Mike Allen broke this astounding bit of news yesterday:

Phil Schiliro, the White House congressional liaison, has told the Senate to aim to take up an energy bill the week of July 12, after the July 4 break (and after the scheduled final passage of Wall Street reform). Kagan confirmation will follow, ahead of the summer break, scheduled to begin Aug. 9. The plan is to conference the new Senate bill with the already-passed House bill IN A LAME-DUCK SESSION AFTER THE ELECTION, so House members don't have to take another tough vote ahead of midterms.

A White House aide has the official word: "President Obama reiterated his call for comprehensive energy and climate legislation to break our dependence on oil and fossil fuels. In the coming weeks he will be reaching out to Senators on both sides of the aisle to chart a path forward. A number of proposals have been put forward from Members on both sides of the aisle. We're open to good ideas from all sources, and will be working with Senators on a comprehensive proposal. The tragedy in the Gulf underscores the need to move quickly, and the President is committed to finding the votes for comprehensive energy legislation this year."

The 51st Congress (1889-91) was tagged as the Billion Dollar Congress, a profligate Republican-run legislature that raided the Treasury in an effort to pay off all its supporters. The 111th should go down in history as the Trillion Dollar Congress. An enormous energy package passed during a lame duck session would be a fitting epilogue for the Trillion Dollar Congress, which has been consistently out of step with the public mood.

The only reason to pass such a major piece of legislation during a lame duck session is because the proposal is unpopular. If Democrats could sell the bill to their constituents, they would pass it before the November elections then campaign on it. Party leaders must also expect that the political will for this bill will not exist in the 112th Congress after the voters have spoken in November. In other words, the new representatives coming in are not going to vote for it - so Nancy Pelosi, Harry Reid, and Barack Obama had better get the representatives who were just fired to support it before they're forced into early retirement.

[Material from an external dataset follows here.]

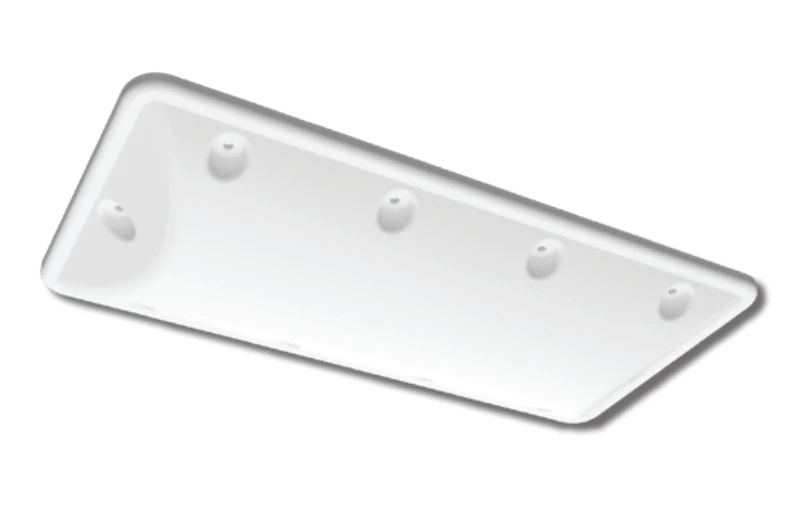 - Anchored flush onto ceiling with 10 spike anchors or optional recessed tamper-proof 1/4” stainless steel bolts or cinder block fasteners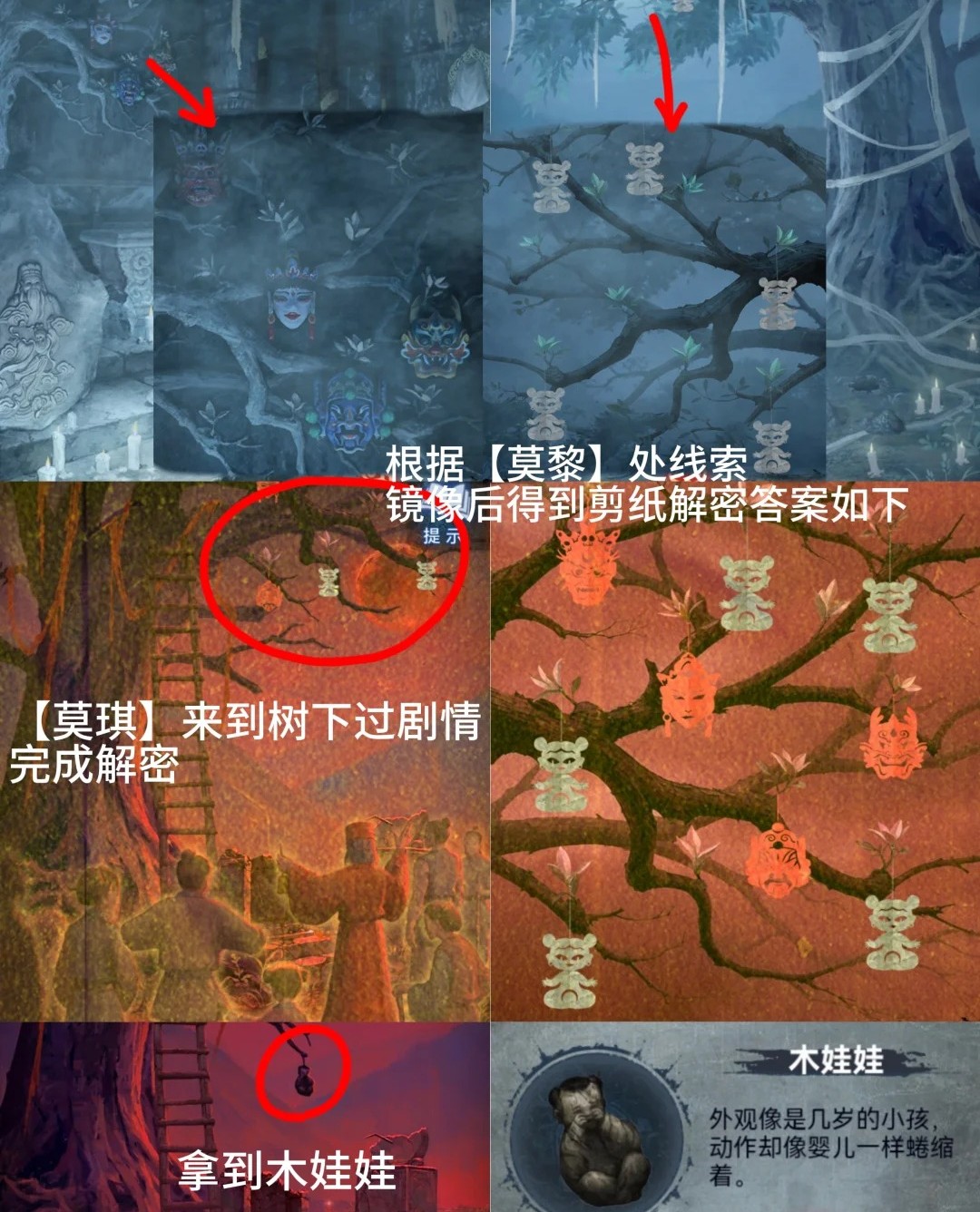 5.红色:回来到树处,完成小游戏(根据姐姐墙上的面具面具和树枝上剪纸提示调整)获得【木娃娃】。

This strategy has the same odor that stank up the final stages of health care reform. After the voters of Massachusetts elected Scott Brown to fill Ted Kennedy's seat, the President refused to take the hint. Instead, he employed budgetary reconciliation - a technically legal legislative parlor trick that, had the shoe been on the other foot, would have provoked howls of outrage from the left and especially from our holier-than-thou President - to jam through a bill that the public had expressed sustained and significant opposition to.

...

It looks like they are going to do it again. The GOP should make this an issue in the November election and make the Democrats take a position before the election. If this strategy is true, it appears the Democrats are writing off 2012 too.